[erlang-questions] improving the performance of regexp(regular expressions)

David Mitchell monch1962@REDACTED
Fri Jul 4 04:33:06 CEST 2008

Others are probably going to say this as well, but my experience with
Erlang is that it isn't great for regex.  It's great for a lot of
other things, but not regex (yet!).

Pre-R12B-3, I had a lot of success using pattern matches in situations
where my initial reaction was to use regex.  While it was a bit more
code, it was a lot easier to comprehend than regex code and, through
using a layer of fun() calls, it ran blazingly fast.  For the specific
project, I had to do a lot of (pattern matching|regex) *and* have it
run as quickly as possible; from a coding perspective, what I lost in
having to put together a bunch of pattern matches (in place of what
would have been a single regex in e.g. Perl), I got back many times
over in terms of performance in the finished product.

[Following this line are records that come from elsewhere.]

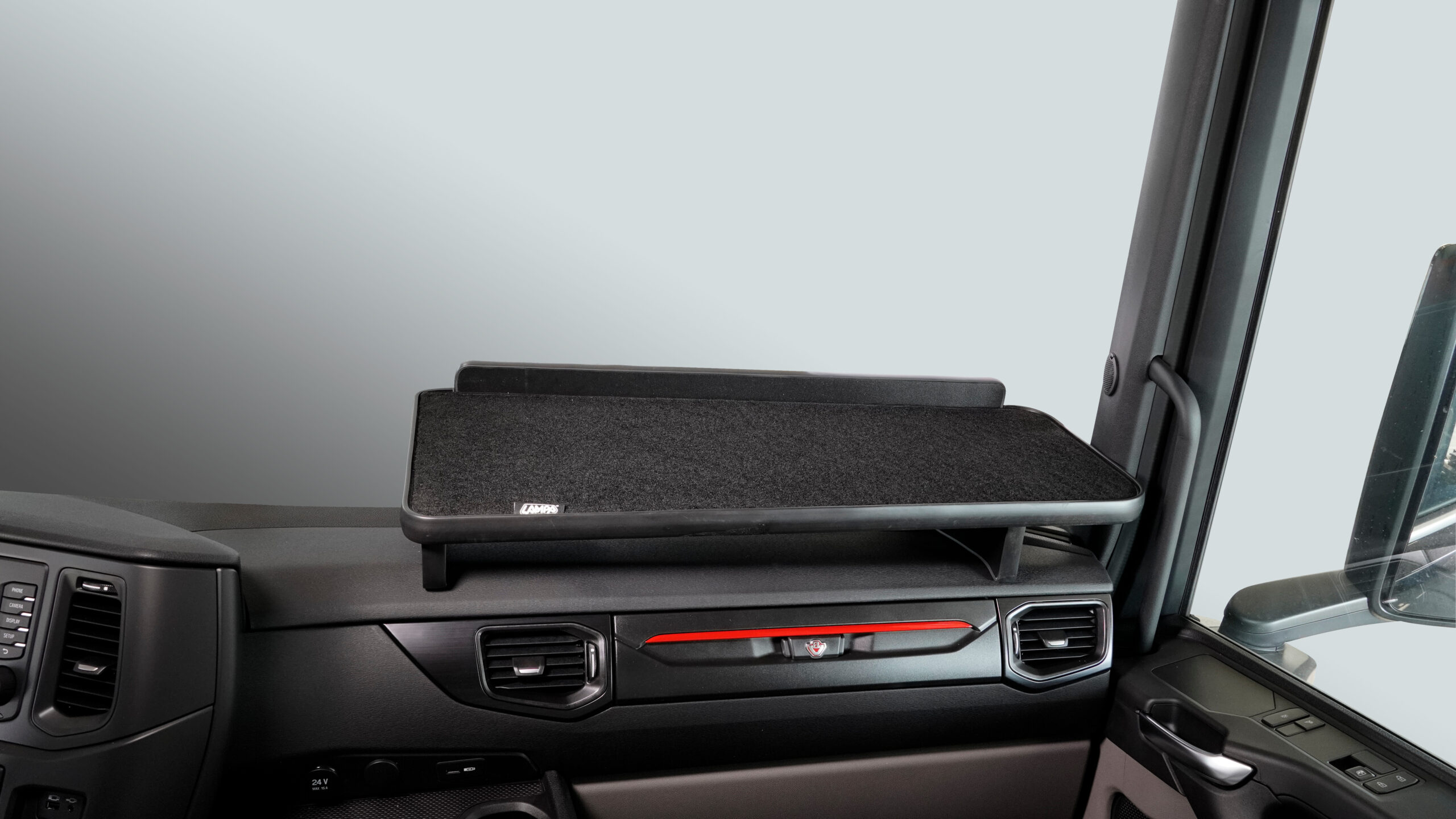 Tavolino per cruscotto – Centrale + Passeggero – compatibile per Mercedes Actros MP4 (09/11>09/19) cabina stretta, con o senza telecamera – Mercedes Actros MP5 (10/19>) cabina larga, con o senza telecamera – Mercedes Actros MP5 L (11/21>) cabina larga, con o senza telecamera – Mercedes Actros MP5 F (11/21>)
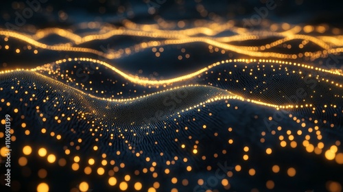 abstract, digital, landscape, glowing, line, particle, light, wave, dark, background, technology, futuristic, modern, design, graphic, art, texture, pattern, motion, dynamic, energy, flow, movement, vibrant, bright, shimmer, sparkle, gold, orange, black, depth, perspective, space, infinite, cosmos, galaxy
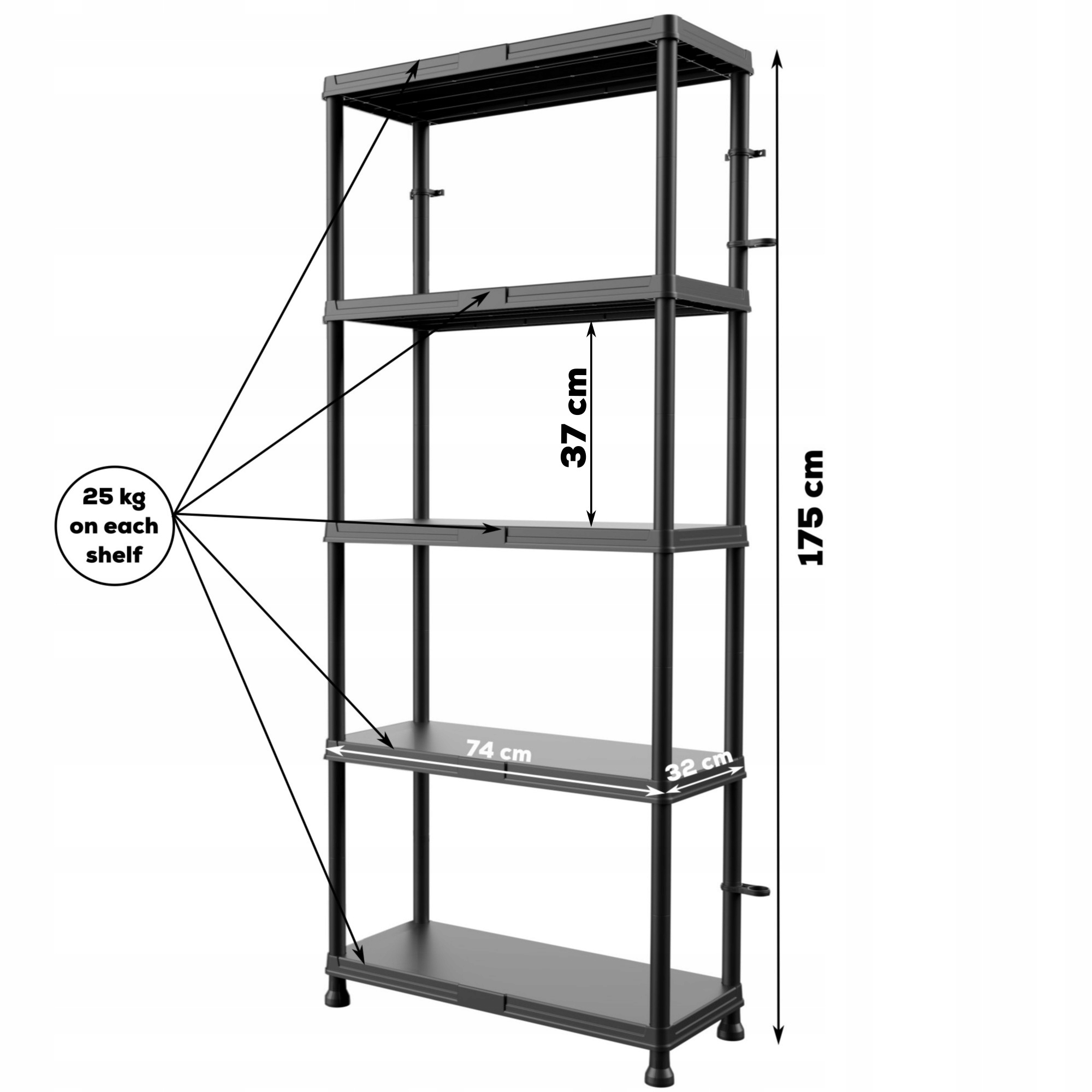Размеры стойки делают его Compact и в то же время достаточно емкость для размещения различных типов расходных материалов. Каждое из полков стойки имеет грузоподъемность до 25 кг , благодаря которой вы можете хранить как легкие элементы, так и более тяжелые предметы , например, Краска контейнеров, садовое оборудование или автомобильные аксессуары.

Now that R12B-3 is here, I'll probably look at the re changes, but
I've now got some experience that tells me that regex isn't the be-all
and end-all of data parsing solutions.  If you've got the chance, you
might find it's worth looking at what you can do with pattern matching
in place of regex.


Dave M.

2008/7/1 Jesper Louis Andersen <jesper.louis.andersen@REDACTED>:
> 2008/7/1 chamila piyasena <tchamila@REDACTED>:
>> Hi all,
>> Is there a new implementation of regexp.erl or can anyone suggest a way to
>> improve the performance of the functionalities given in the regexp.erl
>> without using regexp library written in C.
> Seriously: Consider something else than regular expressions if it is
> possible. Some languages, most notably perl has used regular
> expressions extensively and thus has a pretty fast implementation of
> them. But usually you can easily write code without them. Maybe you
> can read the data in a more structured format, maybe you can
> pre-process the data into a simpler format or maybe you can skip parts
> of the data.
> Rather than trying to brute-force yourself through the mouse-hole, use
> the door in the wall ;)
> Regular expressions have their uses, but they indeed also have their abuses.